Memoirs of a Geshia takes a look at a girl who is stolen from her home at age 9 and sold. She is abused, ridiculed, and humiliated throughout her journey. She has to learn the many skills of becoming a Geisha. It is a book that is truly excellent and wonderful. It is probably one of the best books I have ever read. I would only recommend this book to more mature audiences. It does contain some graphic and sexually paragraphs. However, these paragraphs add to the theme and the events of the book. Without them, you have a different book. It is truly a wonderful novel and these areas and themes only add to it. You must, must, must also try the “Tour of Southern Homes and Gardens” for another look into another world—this time, the Southern United States as you’ve never seen them before!
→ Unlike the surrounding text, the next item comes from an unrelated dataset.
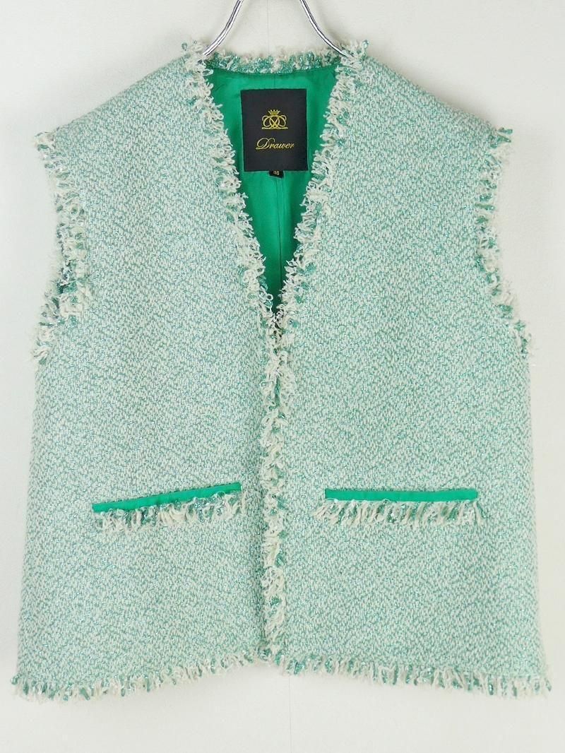 煌めくグリーンのツイード素材が映えるジレ/ベスト。

I recommend it to anyone wanting to escape our Western world and discover a world where customs are so different from ours.
The book is about a young girl, Sayuri, who is sold into slavery to a geisha house in Gion, Japan. As she gets older, she must learn the geisha ways and traditions of the geisha, including: the tea ceremony, how to wear the kimono, the elaborate hair and make-up, the dancing.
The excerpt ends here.